Three major capabilities land in Kimi K2-0905 that fundamentally change how coding agents operate: 256k context window, improved tool calling, and enhanced capabilities for front-end development. The model is live in Cline via the Groq (serving at ~349 TPS), Moonshot, OpenRouter, Fireworks, and Cline providers.
What changed from July
The July checkpoint put Kimi K2 on the map with strong tool calling and consistent diff generation (currently at 5%, which rivals Sonnet-4 at 4% and bests Gemini 2.5 Pro at 10%). K2-0905 builds on that foundation with focus on the capabilities that matter most for agent workflows.
Context window that actually scales
From 131k to 262k tokens help you work with larger codebases, conversation histories, and test suites in memory without the typical degradation at context boundaries.
The model's attention mechanism was specifically tuned for long-context scenarios. Token allocation is smarter, coherence is maintained across the full window, and you can finally stop engineering around context limits.
- Speed: Groq delivers responses fast enough that model latency stops being a workflow bottleneck. ~349 TPS serving capacity handles production workloads without throttling. Expect some warmup time on first requests (2-3 seconds), but subsequent requests in the same session are significantly faster.

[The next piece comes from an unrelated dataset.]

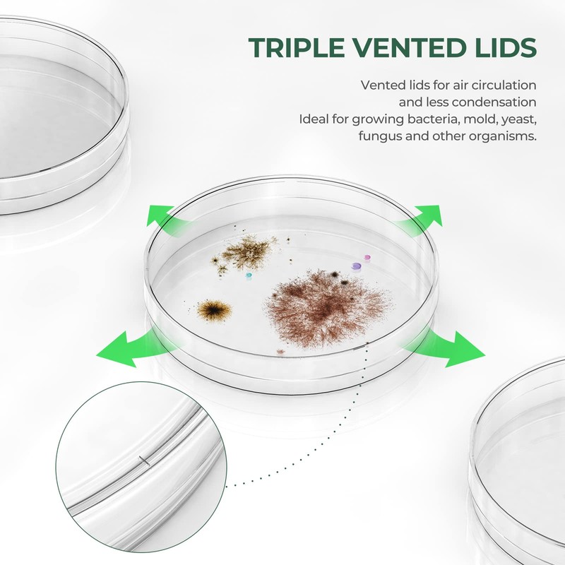 • 3 Vented Lids: Each petri plate has 3 lids so that there is improved air circulation and less condensation, Ideal for growing bacteria, mold, yeast, fungus and other organisms.

- Context efficiency: The 256k window maintains coherence without the typical degradation you see in other long-context models. Long conversations stay focused, and the model doesn't lose track of earlier context when processing later tokens.
- Tool reliability: Expect consistent structured outputs with ~95% or better first-try success rate on well-formed tool schemas. The model rarely produces malformed JSON or unexpected parameter variations.
- Frontend Improvements: Moonshot has noted that K2-0905 is improved at frontend coding than its predecessor. We recommend using K2-0905 in Act mode where it can execute on the plan devised by a reasoning model.
Setup in Cline
Kimi-K2-0905 is available via the Cline, Groq, Fireworks, Vercel AI Gateway, and OpenRouter providers. It’s still $1/$3 in/out per 1M tokens through most providers, however, as an open-source model this can vary.